Re: FW: unicode character on Different Unix platforms ....

From: schererm@us.ibm.com
Date: Tue Nov 02 1999 - 13:11:30 EST

Next message: Valeriy E. Ushakov: "Re: FW: unicode character on Different Unix platforms ...."
Previous message: Chookij Vanatham: "RE: handwritten Arabic [was: arabic number in bidi algorithm]"
Maybe in reply to: Magda Danish (Unicode): "FW: unicode character on Different Unix platforms ...."
Next in thread: Valeriy E. Ushakov: "Re: FW: unicode character on Different Unix platforms ...."
Messages sorted by: [ date ] [ thread ] [ subject ] [ author ] [ attachment ]
Mail actions: [ respond to this message ] [ mail a new topic ]

The answer is that wchar_t is not necessarily Unicode, and that Unicode is
not necessarily stored in 16-bit units.

ANSI C defines wchar_t as an abstract type for "wide" characters but does
not specify a concrete type nor a character set for it.
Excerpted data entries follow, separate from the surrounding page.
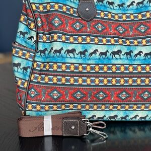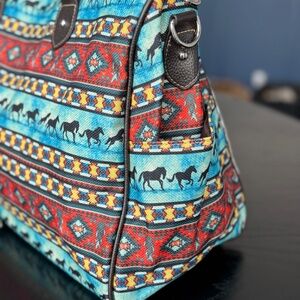 Inside of the bag includes a zippered pocket and 2 open pockets
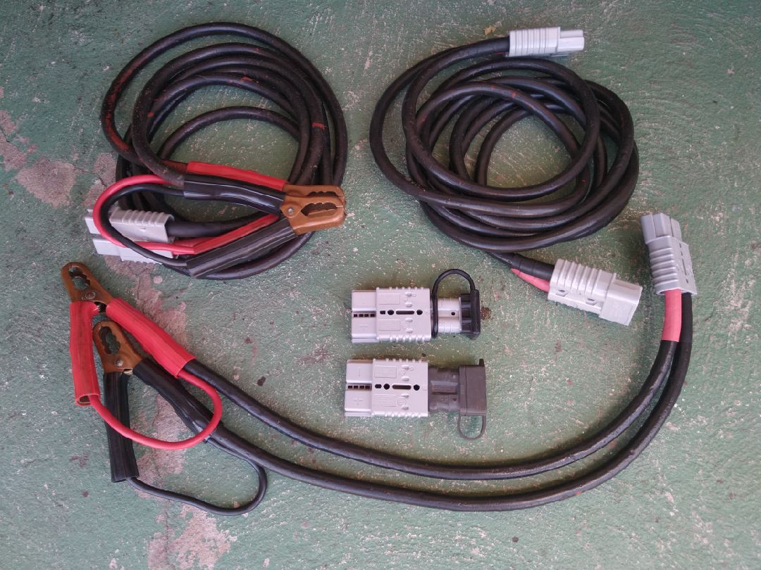 Short & longer jumper leads (ends which can be use conventionally) & Anderson extension lead. The extension I can use to self jump start, or with 175 to 50amp adaptors use for a desperate extension on the solar panels. The clamps are Utilux 200amp continuous 2mm thick solid copper.
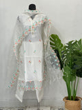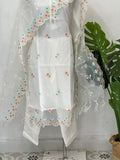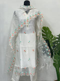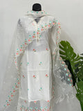 V neck design embroidery organza top, elastic waist cotton bottom comes with emb organza dupatta
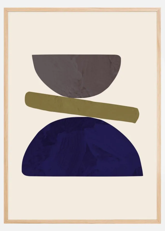 En plakat om balance gennem geometri. En stor blå halvcirkel balancerer en tynd grøn aflang form på sin kurve. Oven på den balancerer en grå halvcirkel for at skabe en timeglasform. Brug timer på at kigge på dette værk for at finde de andre former i det.
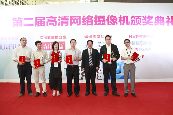 同時,為進一步提升攝像機生產(chǎn)企業(yè)的品牌知名度和市場競爭力,組委會聯(lián)合上海市公安局技術防范辦公室開展了“第二屆高清網(wǎng)絡攝像機評優(yōu)活動”。5月22日上午,上海安博會第二屆高清網(wǎng)絡攝像機評優(yōu)頒獎典禮在上海世博展覽館中廳舉行,來自10家企業(yè)的14家品牌經(jīng)過兩天的現(xiàn)場PK,展現(xiàn)各自產(chǎn)品優(yōu)勢,各項參數(shù)比拼激烈,難分伯仲,最終分別摘得金視獎和銀視獎。本次攝像機評優(yōu)活動共有10家公司14只攝像機參加,攝像機參評規(guī)格和種類為1080P彩色網(wǎng)絡型數(shù)字槍式攝像機。其中普通攝像機6只,低照度攝像機8只。經(jīng)過在展會現(xiàn)場搭建實際環(huán)境,普通攝像機觀看展館外人流情況,觀測出入口人流情況;低照度攝像機觀測暗箱內(nèi)動態(tài)、靜態(tài)公仔擺設是否有掉幀、抖動的情況,最終以清晰度、色彩還原性、運動圖像效果綜合評定投票。兩天時間內(nèi)技防專家共計投票163票,觀眾共計投票525票,經(jīng)過統(tǒng)計評選出了“上海美贊美數(shù)碼科技有限公司”、“上海沃塔數(shù)碼科技有限公司”、“上海帥立科技有限公司”、“杭州海康威視數(shù)字技術股份有限公司” 等分別榮獲普通攝像機和低照度攝像機“金視獎”。“松下電器(中國)有限公司系統(tǒng)通信營銷公司”、“蘇州科達科技有限公司”、“上海全景數(shù)字技術有限公司”、“上海三星商業(yè)設備有限公司”、“上海全景數(shù)字技術有限公司”、“浙江大華技術股份有限公司”、“金三立視頻科技(深圳)有限公司”、“浙江宇視科技有限公司”等分別榮獲普通攝像機和低照度攝像機“銀視獎”。
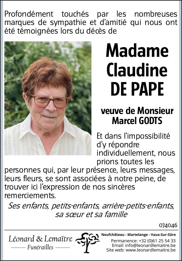 Décédée à Liège (4000) le mardi 23 juillet 2024 à l'âge de 85 ans

On some platforms,
it is Unicode, on others, it is a scalar form of the platform default MBCS.

Unicode, on the other hand, is a character set standard that allows several
encodings.
The most important ones are UTF-8, UTF-16, and UTF-32. They are stored
using 8-, 16-, or 32-bit integers (unsigned chars, shorts, and ints - or
longs where those are 32b).

Relying on wchar_t to be anything fixed across platforms will not work.

markus

"Magda Danish (Unicode)" <v-magdad@microsoft.com> on 99-11-02 08:42:15

To: "Unicode List" <unicode@unicode.org>
cc:
Subject: FW: unicode character on Different Unix platforms ....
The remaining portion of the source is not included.